Meski begitu, publisitas atas The
Flying Paradise tetap harus gencar dilakukan—kalau bisa sempurna. Dia
mengeluarkan kocek yang banyak untuk memanggil penulis dan videografer terbaik,
dipadu dengan model paling tampan yang pernah dia temui. Seluruh perjalanan The Flying Paradise sejak melaksanakan
instalasi kabin hingga mendarat di Jakarta akan direkam dan disunting
seolah-olah ini penerbangan paling heroik.
Namun tentu, sebagai pekerja di perusahaan swasta, Pamungkas harus
memangkas biaya. Dia tak bisa memboyong lebih dari satu videografer ke Amerika.
Dia juga tak sanggup mengisi penerbangan feri ini dengan lebih banyak orang
karena more people means more fuel.
Semakin berat pesawat, semakin banyak bahan bakar yang harus dihabiskan.
Pamungkas harus berhemat-hemat agar prestasinya di mata perusahaan tetap baik.
Pamungkas mengincar posisi CEO. Pak Hartono yang akan pensiun dalam
waktu dekat meninggalkan satu posisi lowong paling atas. Kandidatnya adalah
Pamungkas dan dua orang dari manajerial lain. Kalau Pamungkas berhasil
memberikan publisitas sangat baik untuk The
Flying Paradise, otomatis dia akan menempati posisi tersebut.
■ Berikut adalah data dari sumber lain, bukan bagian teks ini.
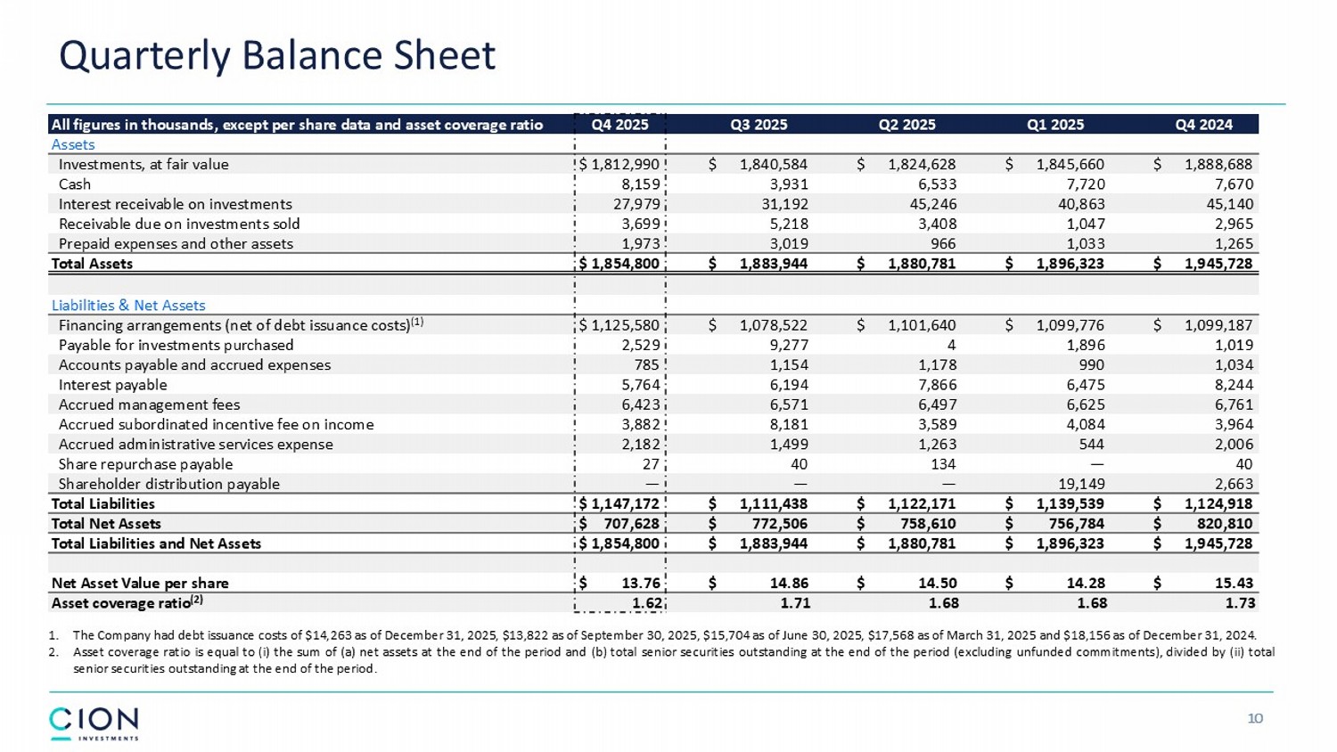 Quarterly Balance Sheet 10 Q4 2024 Q1 2025 Q2 2025 Q3 2025 Q4 2025 All figures in thousands, except per share data and asset coverage ratio Assets $ 1,888,688 $ 1,845,660 $ 1,824,628 $ 1,840,584 $ 1,812,990 Investments, at fair value 7,670 7,720 6,533 3,931 8,159 Cash 45,140 40,863 45,246 31,192 27,979 Interest receivable on investments 2,965 1,047 3,408 5,218 3,699 Receivable due on investments sold 1,265 1,033 966 3,019 1,973 Prepaid expenses and other assets $ 1,945,728 $ 1,896,323 $ 1,880,781 $ 1,883,944 $ 1,854,800 Total Assets Liabilities & Net Assets $ 1,099,187 $ 1,099,776 $ 1,101,640 $ 1,078,522 $ 1,125,580 Financing arrangements (net of debt issuance costs) (1) 1,019 1,896 4 9,277 2,529 Payable for investments purchased 1,034 990 1,178 1,154 785 Accounts payable and accrued expenses 8,244 6,475 7,866 6,194 5,764 Interest payable 6,761 6,625 6,497 6,571 6,423 Accrued management fees 3,964 4,084 3,589 8,181 3,882 Accrued subordinated incentive fee on income 2,006 544 1,263 1,499 2,182 Accrued administrative services expense 40 — 134 40 27 Share repurchase payable 2,663 19,149 — — — Shareholder distribution payable $ 1,124,918 $ 1,139,539 $ 1,122,171 $ 1,111,438 $ 1,147,172 Total Liabilities $ 820,810 $ 756,784 $ 758,610 $ 772,506 $ 707,628 Total Net Assets $ 1,945,728 $ 1,896,323 $ 1,880,781 $ 1,883,944 $ 1,854,800 Total Liabilities and Net Assets $ 15.43 $ 14.28 $ 14.50 $ 14.86 $ 13.76 Net Asset Value per share 1.73 1.68 1.68 1.71 1.62 Asset coverage ratio (2) 1. The Company had debt issuance costs of $ 14 , 263 as of December 31 , 2025 , $ 13 , 822 as of September 30 , 2025 , $ 15 , 704 as of June 30 , 2025 , $ 17 , 568 as of March 31 , 2025 and $ 18 , 156 as of December 31 , 2024 . 2. Asset coverage ratio is equal to (i) the sum of (a) net assets at the end of the period and (b) total senior securities outstanding at the end of the period (excluding unfunded commitments), divided by (ii) total senior securities outstanding at the end of the period .

Semoga penerbangan ini berlangsung lancar.
Sebelum pukul sepuluh pagi Pamungkas sudah berada di airport untuk mengurus perizinan. Ketika
dia bangun tidur, Harry sudah tak ada di sampingnya. Sebuah pesan di atas
kertas menyatakan Harry pergi berlari pagi seperti yang selalu dilakukannya
menginap di hotel mana pun. Setelah membereskan kopernya, Pamungkas
berbasa-basi dengan perwakilan dari Boeing sekaligus membahas order pesawat BBJ
lain yang sedang menjadi wacana di perusahaannya.
Yavadvipa adalah salah satu perusahaan penyewaan pesawat pribadi
terbesar di Asia Tenggara. Jumlah pesawat dalam armadanya baru mencapai 80
termasuk The Flying Paradise, tetapi seluruh armadanya menggunakan mesin jet.
Dua Boeing 747-nya selalu disewa Garuda maupun Saudia untuk penerbangan haji,
dan lima belas Boeing 737-800 dengan konfugrasi pesawat komersial aktif disewa
Garuda Indonesia, Lion Air, dan Malaysia Airlines ketika mereka membutuhkan
armada tambahan.
The Flying Paradise menggunakan model Boeing BBJ 777-VIP, salah satu
keluaran terbaru Boeing yang canggih. Mesinnya lebih tenang dibandingkan Boeing
B777 pendahulunya. Sehingga, ketika arsitek kabin mendesain master bedroom di bagian belakang
pesawat, Pamungkas menyetujuinya. Apalagi ketika seluruh dinding di kabin master bedroom itu dilapisi oleh
material peredam suara.
“Can you provide your medical
certificate, Sir?” tanya seorang petugas check in setelah dia mengecek paspor dan dokumen lain.
“I still need to provide them?” tanya
Pamungkas balik sambil merogoh saku jasnya.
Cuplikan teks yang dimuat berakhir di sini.